- Provided data
________________________
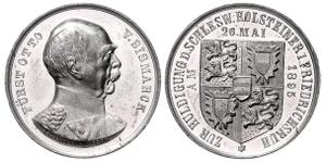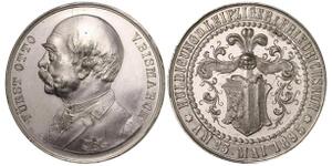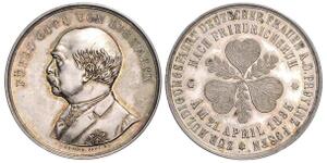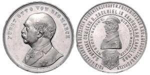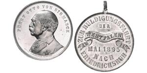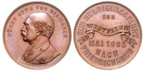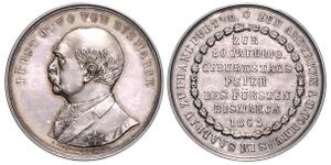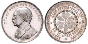 Silbermedaille 1895 (v. Bergmann) Barhäuptiges Brustbild in Zivil mit Orden nach links, FÜRST OTTO VON BISMARCK / Mittig ...
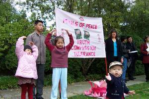 (法度):两年来我和妈妈周游了37个国家。妈妈变卖了家中所有的家产到世界各地奔波呼吁制止迫害,小法度不但洪法和参加游行,向好心的人发真象资料;我还举着爸爸的遗像到过中国驻瑞士的大使馆前讲真象、在和平请愿中我还举起了“真、善、忍”的横幅。
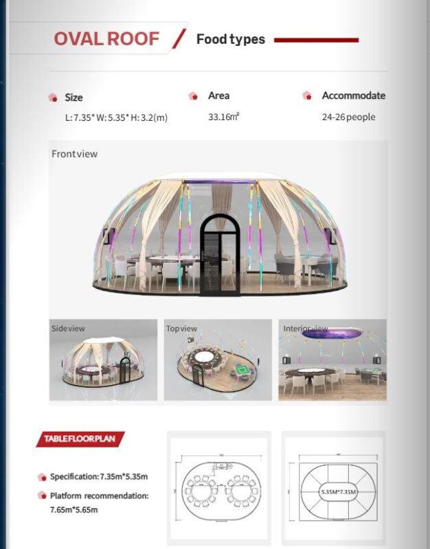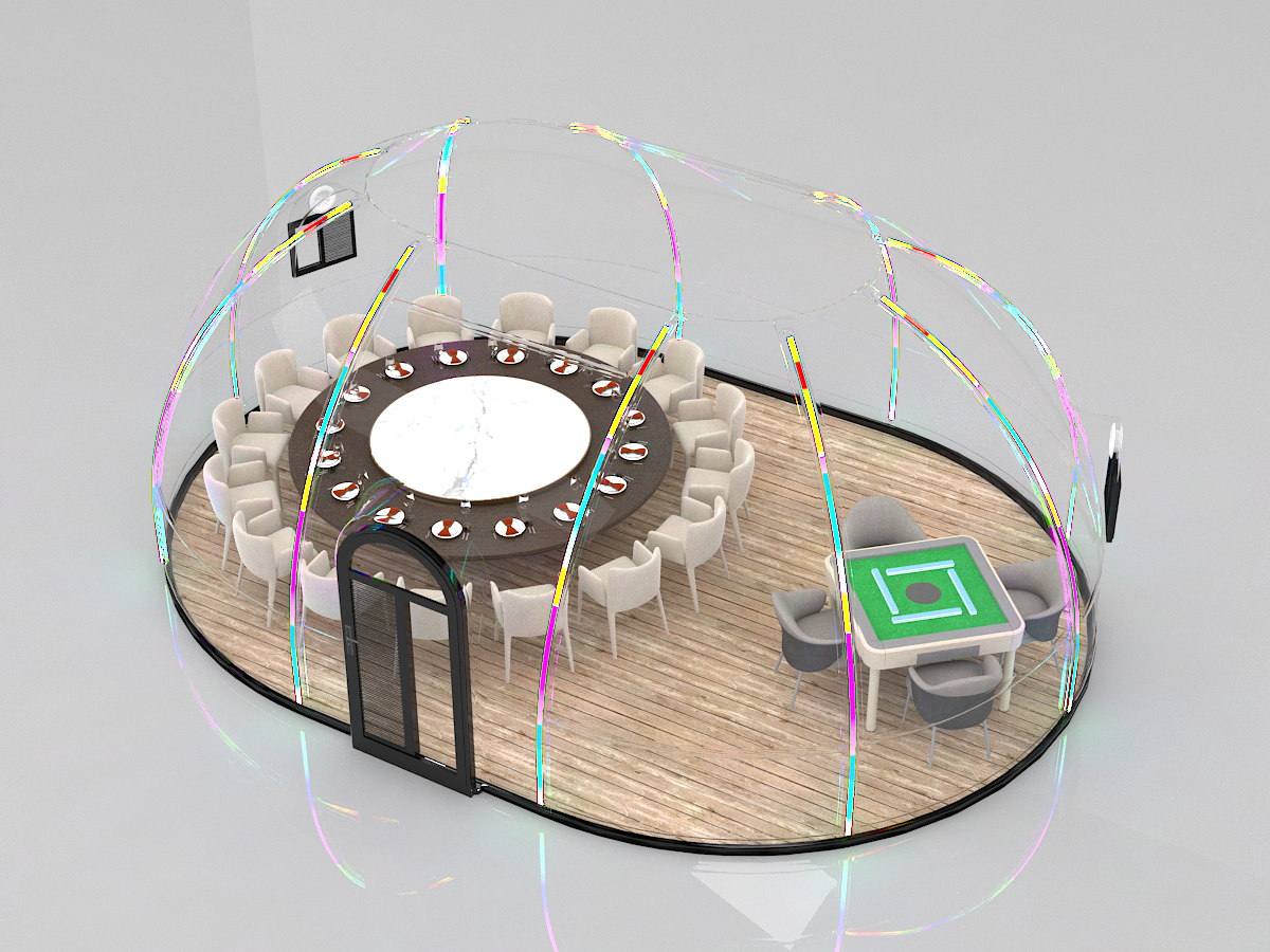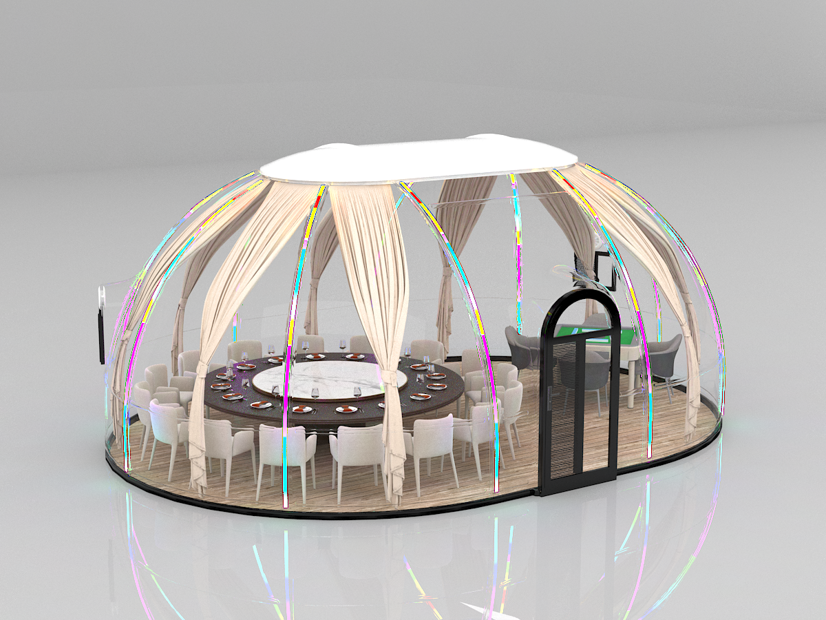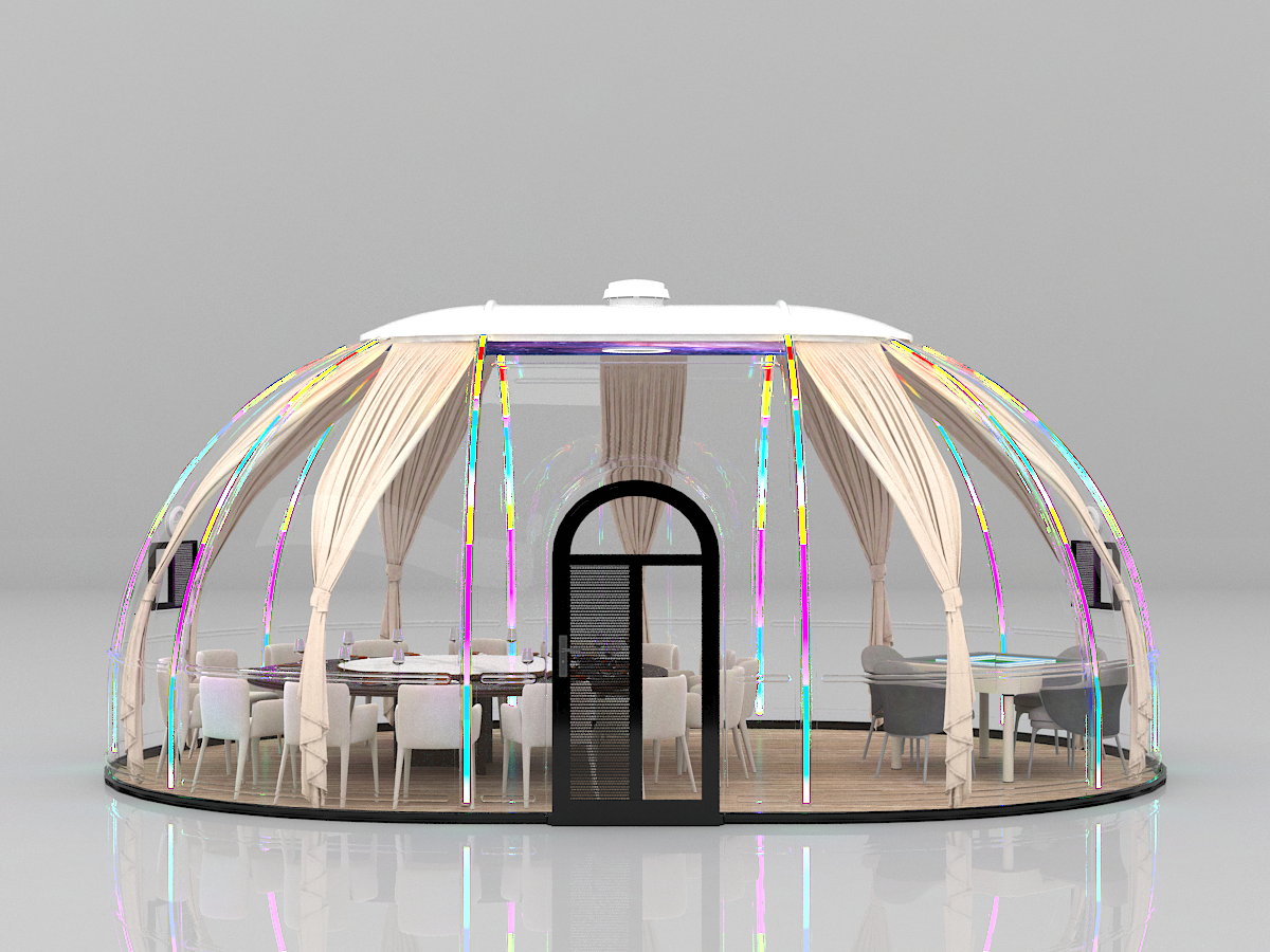 Designed for flexibility and quick installation, this dome capsule is perfect for outdoor dining areas, cafés, resorts, events, lounges, and experiential spaces. Fully enclosed and weather-resistant, it provides comfort, protection, and standout aesthetics in one elegant solution.
________________________
- Exercise prompt
The required output is the span of lines from the line with "(法度):两年来我和妈妈周游" through the final line of the listing above, reproduced exactly, minus the pictures.

- Output for this task
 (法度):两年来我和妈妈周游了37个国家。妈妈变卖了家中所有的家产到世界各地奔波呼吁制止迫害,小法度不但洪法和参加游行,向好心的人发真象资料;我还举着爸爸的遗像到过中国驻瑞士的大使馆前讲真象、在和平请愿中我还举起了“真、善、忍”的横幅。
 Designed for flexibility and quick installation, this dome capsule is perfect for outdoor dining areas, cafés, resorts, events, lounges, and experiential spaces. Fully enclosed and weather-resistant, it provides comfort, protection, and standout aesthetics in one elegant solution.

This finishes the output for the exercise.